WORKING DATA
########
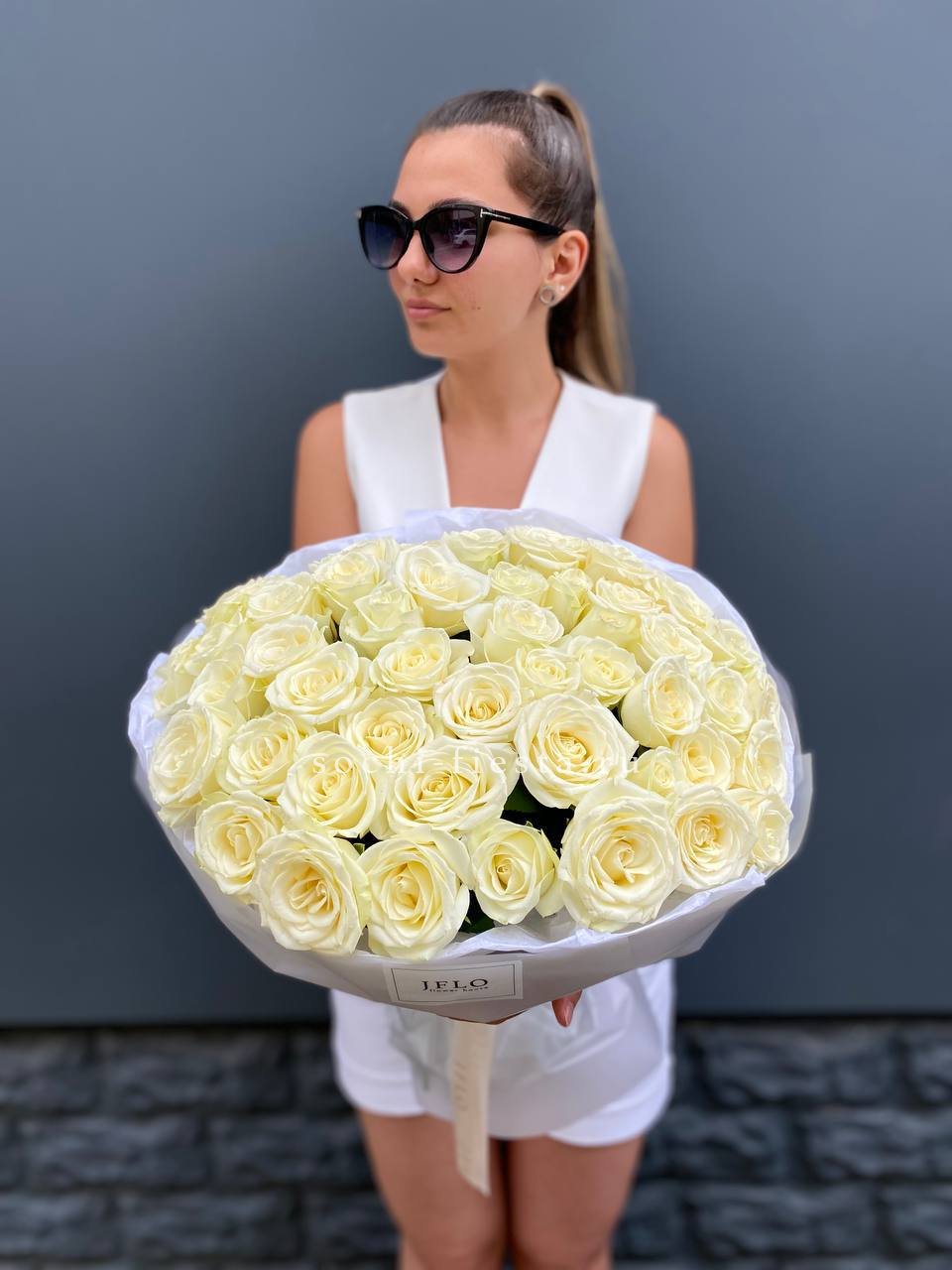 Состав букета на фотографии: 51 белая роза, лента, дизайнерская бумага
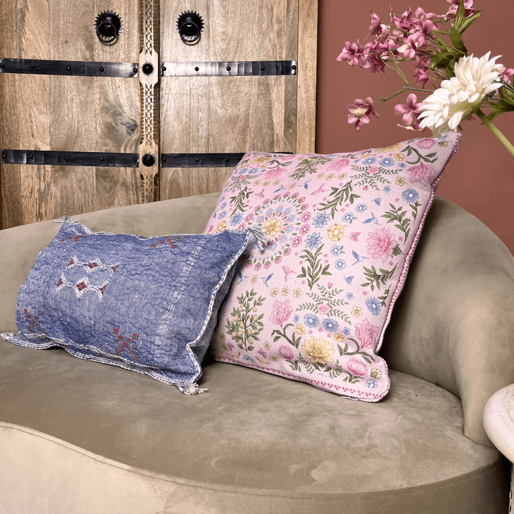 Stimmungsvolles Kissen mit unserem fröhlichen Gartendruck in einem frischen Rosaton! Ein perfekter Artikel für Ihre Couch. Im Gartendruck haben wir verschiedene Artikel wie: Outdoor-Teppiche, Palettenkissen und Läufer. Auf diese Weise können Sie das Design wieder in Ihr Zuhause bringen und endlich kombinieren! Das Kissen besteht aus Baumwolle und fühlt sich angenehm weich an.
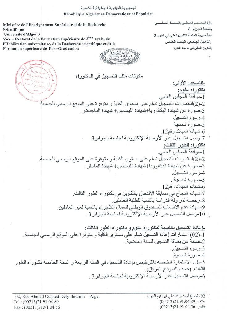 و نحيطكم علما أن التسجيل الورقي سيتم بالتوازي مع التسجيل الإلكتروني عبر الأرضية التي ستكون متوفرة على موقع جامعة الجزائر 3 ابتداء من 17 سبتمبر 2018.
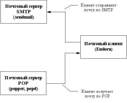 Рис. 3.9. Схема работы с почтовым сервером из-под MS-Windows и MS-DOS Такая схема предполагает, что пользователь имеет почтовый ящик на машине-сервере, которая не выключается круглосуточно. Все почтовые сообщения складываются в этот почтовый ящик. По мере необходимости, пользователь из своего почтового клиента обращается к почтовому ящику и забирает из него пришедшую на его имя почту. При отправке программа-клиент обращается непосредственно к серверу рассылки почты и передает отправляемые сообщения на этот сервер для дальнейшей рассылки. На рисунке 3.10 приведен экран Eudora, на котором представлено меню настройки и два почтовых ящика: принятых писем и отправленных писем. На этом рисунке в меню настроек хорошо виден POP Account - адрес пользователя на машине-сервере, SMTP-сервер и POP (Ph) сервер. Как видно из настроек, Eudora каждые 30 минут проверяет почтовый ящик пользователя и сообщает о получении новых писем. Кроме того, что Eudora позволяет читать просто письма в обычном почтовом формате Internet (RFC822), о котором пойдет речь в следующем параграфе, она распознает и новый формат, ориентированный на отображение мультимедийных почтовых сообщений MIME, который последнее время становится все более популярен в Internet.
########
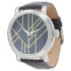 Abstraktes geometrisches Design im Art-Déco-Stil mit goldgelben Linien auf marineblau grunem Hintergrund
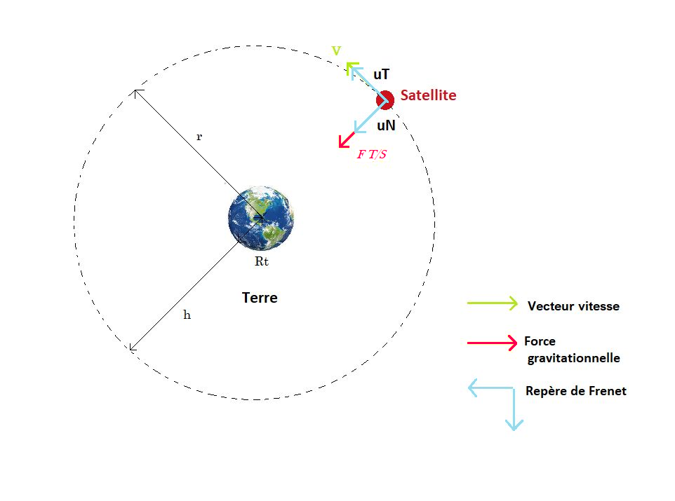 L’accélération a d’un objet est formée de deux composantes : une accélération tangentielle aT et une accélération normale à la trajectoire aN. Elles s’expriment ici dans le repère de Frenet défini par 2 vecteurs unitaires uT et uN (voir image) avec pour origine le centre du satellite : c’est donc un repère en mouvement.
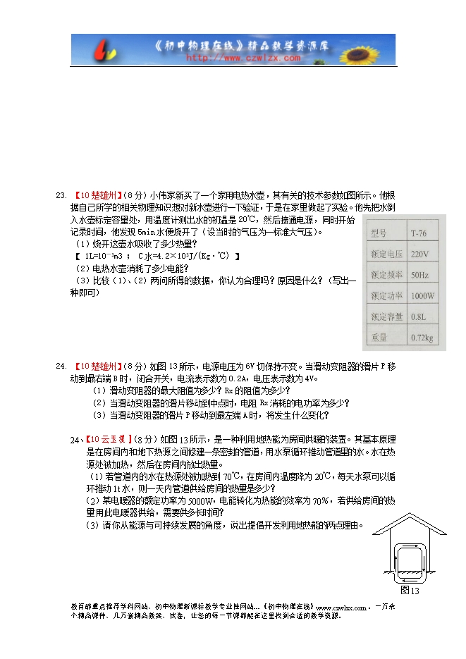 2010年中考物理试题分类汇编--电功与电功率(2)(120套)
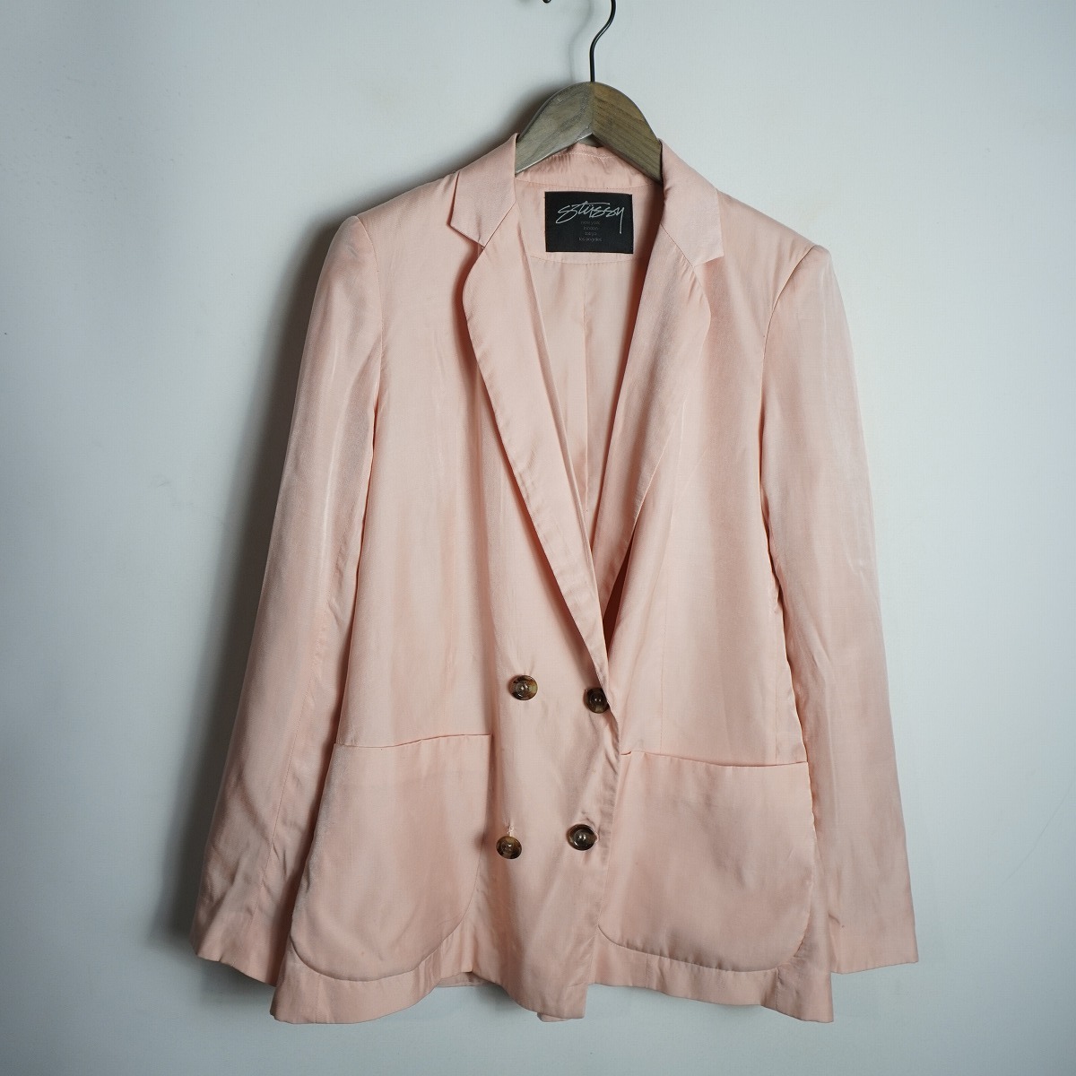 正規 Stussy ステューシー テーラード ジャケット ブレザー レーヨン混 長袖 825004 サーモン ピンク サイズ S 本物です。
########
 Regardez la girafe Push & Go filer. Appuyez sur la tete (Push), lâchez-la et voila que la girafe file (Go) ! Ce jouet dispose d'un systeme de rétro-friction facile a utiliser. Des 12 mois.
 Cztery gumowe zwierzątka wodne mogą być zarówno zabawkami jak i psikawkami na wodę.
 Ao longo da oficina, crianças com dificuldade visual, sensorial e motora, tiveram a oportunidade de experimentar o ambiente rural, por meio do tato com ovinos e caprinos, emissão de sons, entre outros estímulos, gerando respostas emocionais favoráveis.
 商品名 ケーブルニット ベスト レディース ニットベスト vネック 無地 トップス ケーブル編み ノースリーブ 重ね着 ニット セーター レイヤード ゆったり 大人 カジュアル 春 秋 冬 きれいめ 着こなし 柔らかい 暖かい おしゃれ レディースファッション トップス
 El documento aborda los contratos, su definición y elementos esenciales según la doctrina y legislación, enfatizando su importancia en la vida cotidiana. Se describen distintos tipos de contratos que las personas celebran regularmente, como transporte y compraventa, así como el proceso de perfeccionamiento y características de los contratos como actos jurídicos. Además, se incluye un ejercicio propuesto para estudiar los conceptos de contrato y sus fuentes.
########
TASK DESCRIPTION
Only those lines of the entries above that run from the line containing "Cztery gumowe zwierzątka" to the line containing "El documento aborda", both included, should be transcribed exactly.

SOLVED EXERCISE
 Cztery gumowe zwierzątka wodne mogą być zarówno zabawkami jak i psikawkami na wodę.
 Ao longo da oficina, crianças com dificuldade visual, sensorial e motora, tiveram a oportunidade de experimentar o ambiente rural, por meio do tato com ovinos e caprinos, emissão de sons, entre outros estímulos, gerando respostas emocionais favoráveis.
 商品名 ケーブルニット ベスト レディース ニットベスト vネック 無地 トップス ケーブル編み ノースリーブ 重ね着 ニット セーター レイヤード ゆったり 大人 カジュアル 春 秋 冬 きれいめ 着こなし 柔らかい 暖かい おしゃれ レディースファッション トップス
 El documento aborda los contratos, su definición y elementos esenciales según la doctrina y legislación, enfatizando su importancia en la vida cotidiana. Se describen distintos tipos de contratos que las personas celebran regularmente, como transporte y compraventa, así como el proceso de perfeccionamiento y características de los contratos como actos jurídicos. Además, se incluye un ejercicio propuesto para estudiar los conceptos de contrato y sus fuentes.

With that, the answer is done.